With this description of the characteristics of a strong, healthy self, it becomes clear that few of us have ever attained this degree of self-development. It is true, however, that some of us function more adequately in some spheres than in others. More often, we make the mistake of accepting the appearance of self-integration for really solid integration. For example, we tend to regard outer self-control as an indication that an individual is really in full control of himself. We praised those who display an unruffled calm and poise. Some of us are even likely to label a less-controlled person “infantile” or “childish” and tell him to act his age. Very often, this outer control is merely a thin, protective covering which defends the individual against awareness of deeper emotional conflict.
There were many instances of breakdowns in the armed forces among men who were previously considered well-integrated in civilian life. On what basis were they considered well-integrated and mature? Well, these men were considered good providers for their families; rarely if ever did they disagree with anyone, at home or outside the home. They were loyal, conscientious, responsible employees, and worked actively in community organizations. Few people knew of their frequent episodes of insomnia, or their persistent need for patent remedies to relieve headaches and stomach distresses.
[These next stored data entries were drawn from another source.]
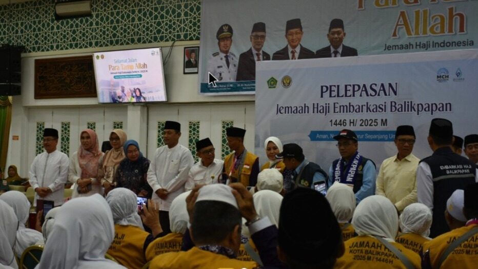 Foto : Para jemaah haji tahun 2025 berkumpul di Embarkasi Balikpapan untuk mengikuti acara pelepasan menuju tanah suci. (DPRD Kaltim)
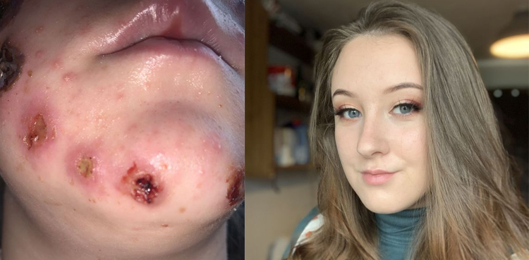 کرسٹن کوول جوکہ ویلز کی رہائشی ہے، اسے چہرے کی ایک ایسی بیماری نے آن گھیرا ہے، جسے دیکھ کر ایسا لگتا ہے کہ چہرے پر گوشت کھانے والے السر کا قبضہ ہوچکا ہے۔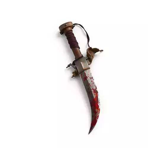 This highly detailed 3D model represents a combat-worn, bloody curved dagger, perfect for adding a gritty and realistic edge to your digital projects. The model features a distinctive curved blade, heavily stained with realistic blood splatter textures, suggesting a history of intense use. The hilt is meticulously crafted with a fabric wrap and rugged metal accents, enhancing its post-apocalyptic or dark fantasy aesthetic. This versatile asset is ideal for various usage scenarios, including immersive game development in genres such as survival horror, dark fantasy, or post-apocalyptic settings. It also excels in architectural visualization for themed environments, augmented reality (AR) and virtual reality (VR) applications, and creating striking digital art or cinematic renders. The model is optimized for real-time applications, ensuring smooth performance in game engines while maintaining high visual fidelity. It boasts clean topology and is fully UV unwrapped, making texture application seamless and efficient. Provided with high-quality PBR (Physically Based Rendering) textures, it delivers stunning realism under diverse lighting conditions. Supported file formats include GLB, OBJ, STL, ABC, DAE, FBX, USD, and PLY, ensuring broad compatibility across various 3D software and platforms. Whether for a main character's weapon, environmental detail, or a compelling prop, this bloody dagger is ready to be integrated into your next project.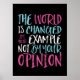 Die Welt wird durch Ihr Beispiel verändert, nicht durch Ihre Meinung. Inspiration und motivierend Zitat-Design für diejenigen, die für Gleichheit eintreten, Liebe statt Hass wählen und auf eine bessere Welt hoffen. Inspirier positiver Sprichwort-Waren für Rassismus und Antischikanismus. Die Menschen aufblähen und inspiriert werden, positiv zu sein, freundlich, mutig zu sein und den Mut zu haben, sich zu äußern. Wähle immer Güte, hör auf zu hassen und höre auf, rassistisch zu sein. Retro und bedrückte Typografie Design zu feiern Leben, Menschlichkeit und Ehre unserer Unterschiede.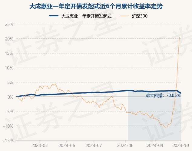 证券之星消息,10月8日,大成惠业一年定开债发起式最新单位净值为0.9999元,累计净值为1.1149元,较前一交易日下跌0.18%。历史数据显示该基金近1个月下跌0.65%,近3个月下跌0.14%,近6个月上涨1.26%,近1年上涨5.07%。该基金近6个月的累计收益率走势如下图:
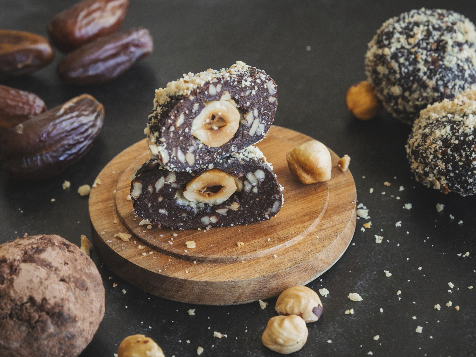 Coloque as avelãs tostadas num processador de alimentos e triture bem até obter uma consistência oleaginosa. Adicione o açúcar em pó, o oleo de coco derretido e o cacau magro em pó. Triture novamente bem. Reserve este creme de avela e chocolate.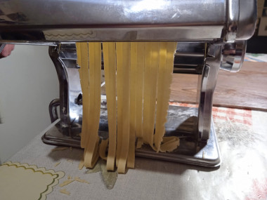 Тем временем приготовим и отварим домашнюю лапшу. Тесто на присыпанном мукой столе раскатываем в тонкий пласт и нарезаем соломкой, длинной или короткой.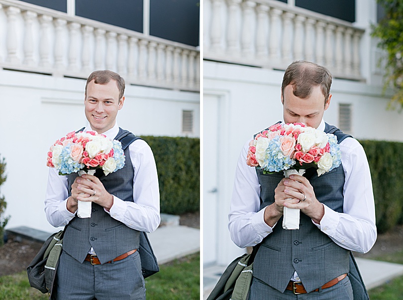 My bouquet and purse holding assistant/cutie of a husband 🙂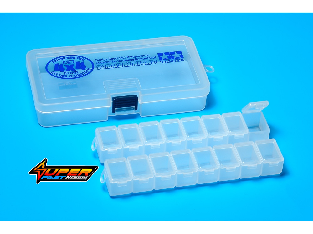 ★This set includes two 8-compartment storage cases housed in an outer case for a total of 16 independent storage sections to hold small parts such as screws and nuts. ★Two of these sets will fit perfectly inside a compartment of the Mini 4WD Portable Pit.

We now know that these symptoms are, in many instances, the physical expressions of inner emotional turmoil, and the patent-remedy manufacturers have many customers in our society. It would be well for each of us to become more alert to these signs of internal emotional disturbances, and then search within ourselves for the ways in which we contribute to our own difficulties.
A person maturing in a healthy way gains possession of himself. He is aware of his motivations, and can predict his responses in certain situations. He is also sufficiently flexible to meet new situations and unexpected stress with a minimum of anxiety and insecurity. Since he belongs to himself, he can feel his relatedness to other human beings. He knows that his destiny is, in large measure, in his own hands. He also realizes the interdependence of humans, and the importance of mutuality for individual and total social welfare. He is sincere and genuine. A large number of such healthy beings contribute immeasurably to the perpetuation of a truly democratic society.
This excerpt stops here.